Records provided →
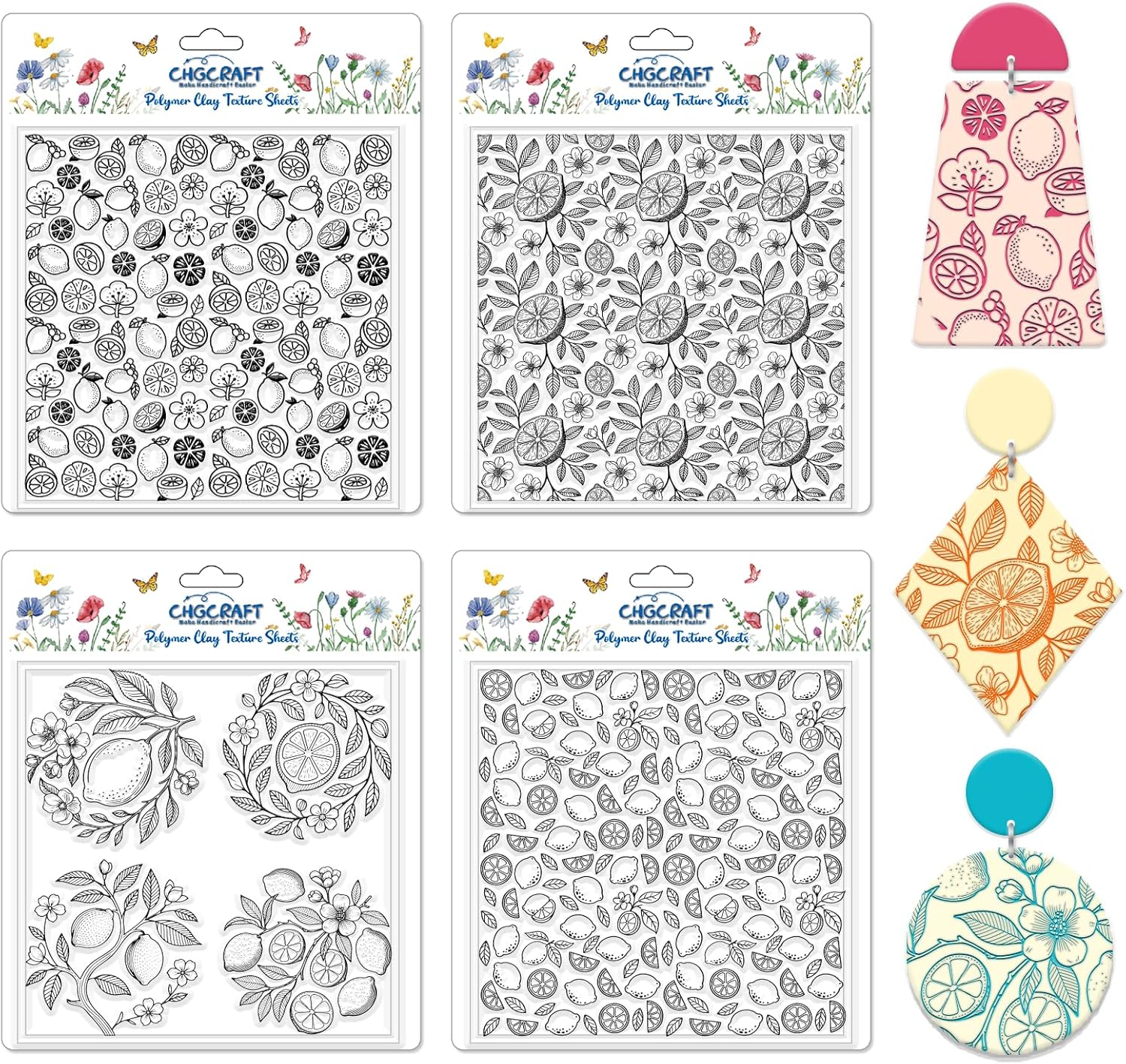 CHGCRAFT 4 Sheets 4 Styles Vintage Lemons Polymer Clay Texture Sheets Lemon Slices Silicone Texture Stamp Flowers Modeling Pattern Pad Texture Sheets for Making Earrings Jewerly, 5.5x5.5 inch
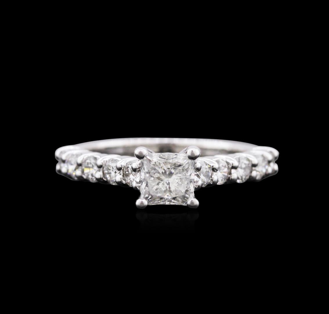 One electronically tested 14KT white gold ladies cast diamond engagement ring with a bright polish finish. Identified with markings of "14K". Condition is new. Containing: One prong set princess cut diamond, measuring 4.90 x 4.96 x 3.72mm (depth est.) approximate weight of 0.82ct. Clarity: I-2. Color: I, Cut is Good. Ten prong set round brilliant cut diamonds, measuring 2.50 - 2.50 x 1.50mm (depth est.) approximate total weight of 10 Stones = 0.65ct. Clarity: SI-1. Color: I - J, Cut is Good. Diamonds are graded in the mounting, unless otherwise stated. Total Weight of Diamonds 1.47ct. Total Weight of Engagement Ring 3.80 grams. GGL Appraised at $4,005.00.
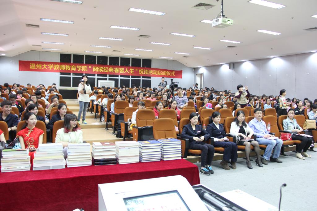4月份即将引来2014年世界读书日。为了进一步打造泥巴影院 “教师教育”特色,推进“博 爱 雅 艺”师范气质培育计划的实施,4月16日下午在南校会展中心叶适厅,温大教师泥巴影院 启动“阅读经典 睿智人生”书香教育悦读活动。校学生处处长蔡联群老师、泥巴影院 党总支副书记嵇小怡老师等领导老师,温州书城的领导老师,及250余位学生参与此次活动。
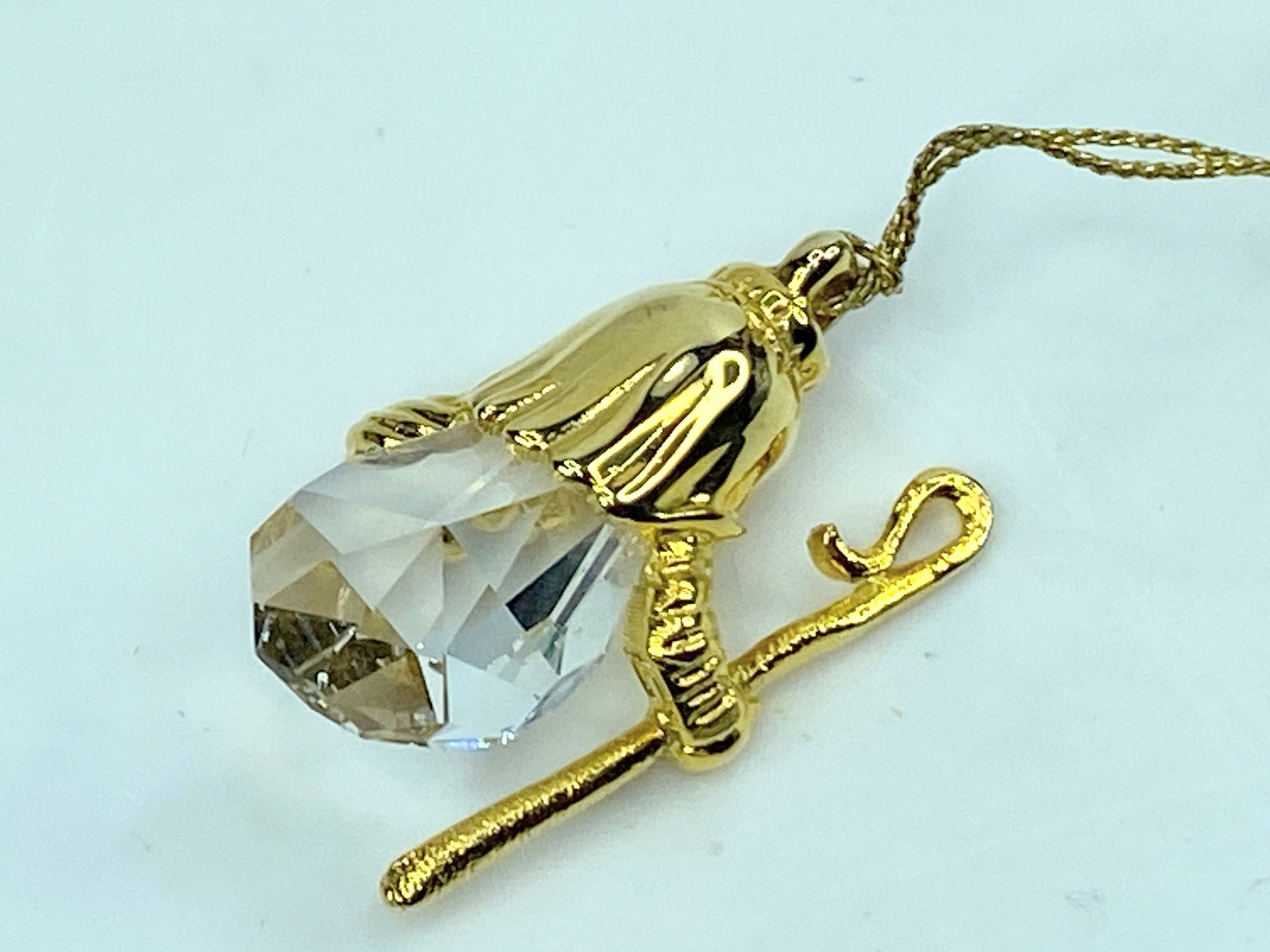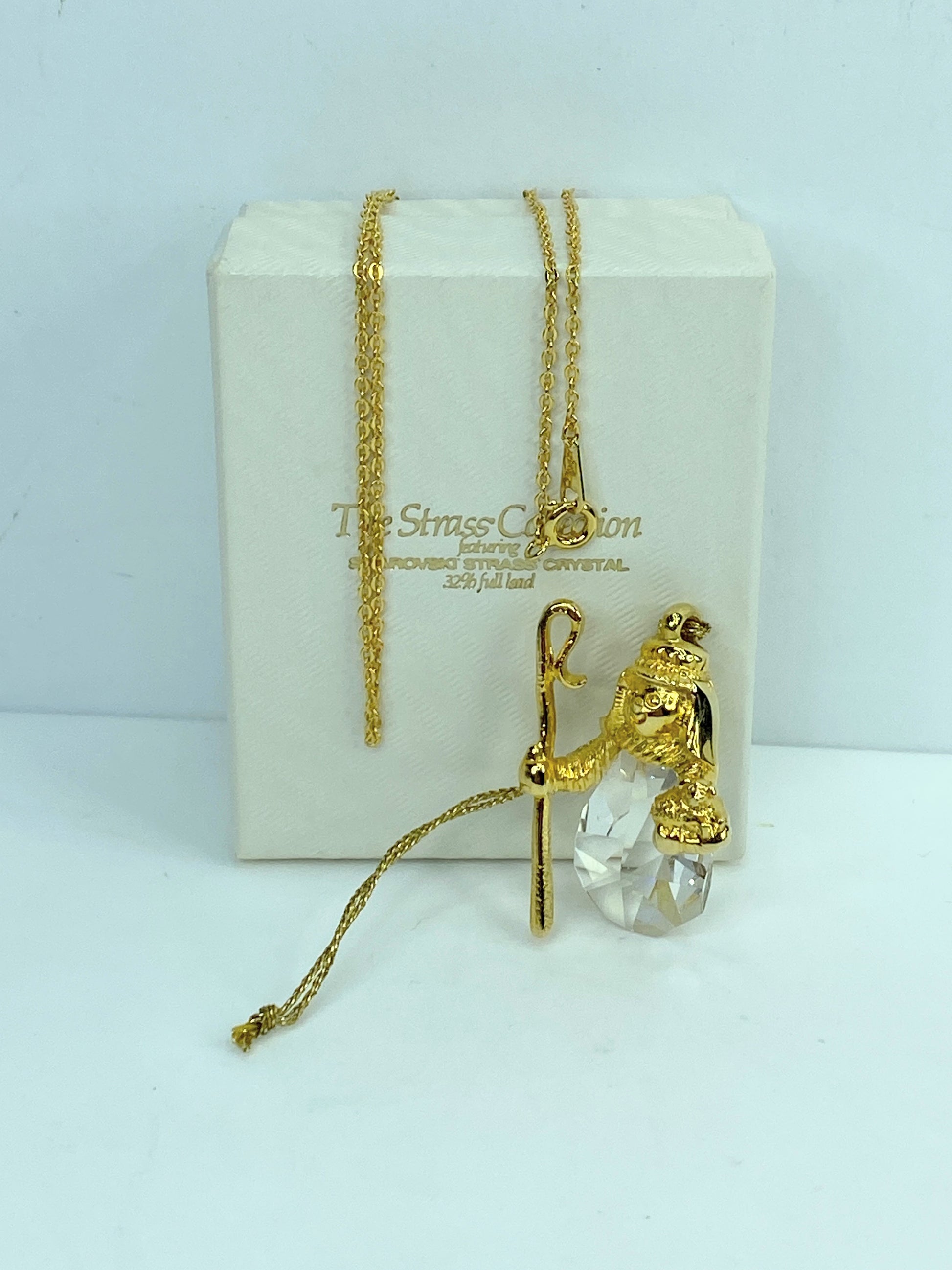 Rare Find. The Strauss Collection. This is a sparkling tree ornament that can be worn as a necklace, an 18-inch Goldstone chain included. This Swarovski Strauss is 32% full lead crystal and finished in 24 kt gold. Can be used as a tree ornament or a festive pendant (No Chain Included). Measures approximately 3/4" Wide x 1 1/2 Long. No chips or cracks. Please see all pictures, for they are part of the description. It comes with the original box.
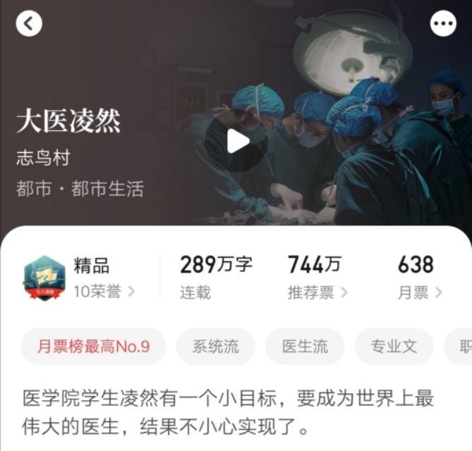 简评:医学方面的学霸文,系统流,和上面一本,同一个作者,所以此文质量上乘,有保证。作者为写这本书查找了大量医学,医院方面的资料,准备充足,书里例子的真实性较高,很多医生表示写的很好。很有资历的老作者,文笔自然不用多说,喜剧色彩很浓,各种梗,将枯燥的剧情写的很有趣。

Task to complete →
Reproduce the material exactly; keep pictures out.

Task result →
 CHGCRAFT 4 Sheets 4 Styles Vintage Lemons Polymer Clay Texture Sheets Lemon Slices Silicone Texture Stamp Flowers Modeling Pattern Pad Texture Sheets for Making Earrings Jewerly, 5.5x5.5 inch
 One electronically tested 14KT white gold ladies cast diamond engagement ring with a bright polish finish. Identified with markings of "14K". Condition is new. Containing: One prong set princess cut diamond, measuring 4.90 x 4.96 x 3.72mm (depth est.) approximate weight of 0.82ct. Clarity: I-2. Color: I, Cut is Good. Ten prong set round brilliant cut diamonds, measuring 2.50 - 2.50 x 1.50mm (depth est.) approximate total weight of 10 Stones = 0.65ct. Clarity: SI-1. Color: I - J, Cut is Good. Diamonds are graded in the mounting, unless otherwise stated. Total Weight of Diamonds 1.47ct. Total Weight of Engagement Ring 3.80 grams. GGL Appraised at $4,005.00.
4月份即将引来2014年世界读书日。为了进一步打造泥巴影院 “教师教育”特色,推进“博 爱 雅 艺”师范气质培育计划的实施,4月16日下午在南校会展中心叶适厅,温大教师泥巴影院 启动“阅读经典 睿智人生”书香教育悦读活动。校学生处处长蔡联群老师、泥巴影院 党总支副书记嵇小怡老师等领导老师,温州书城的领导老师,及250余位学生参与此次活动。
 Rare Find. The Strauss Collection. This is a sparkling tree ornament that can be worn as a necklace, an 18-inch Goldstone chain included. This Swarovski Strauss is 32% full lead crystal and finished in 24 kt gold. Can be used as a tree ornament or a festive pendant (No Chain Included). Measures approximately 3/4" Wide x 1 1/2 Long. No chips or cracks. Please see all pictures, for they are part of the description. It comes with the original box.
 简评:医学方面的学霸文,系统流,和上面一本,同一个作者,所以此文质量上乘,有保证。作者为写这本书查找了大量医学,医院方面的资料,准备充足,书里例子的真实性较高,很多医生表示写的很好。很有资历的老作者,文笔自然不用多说,喜剧色彩很浓,各种梗,将枯燥的剧情写的很有趣。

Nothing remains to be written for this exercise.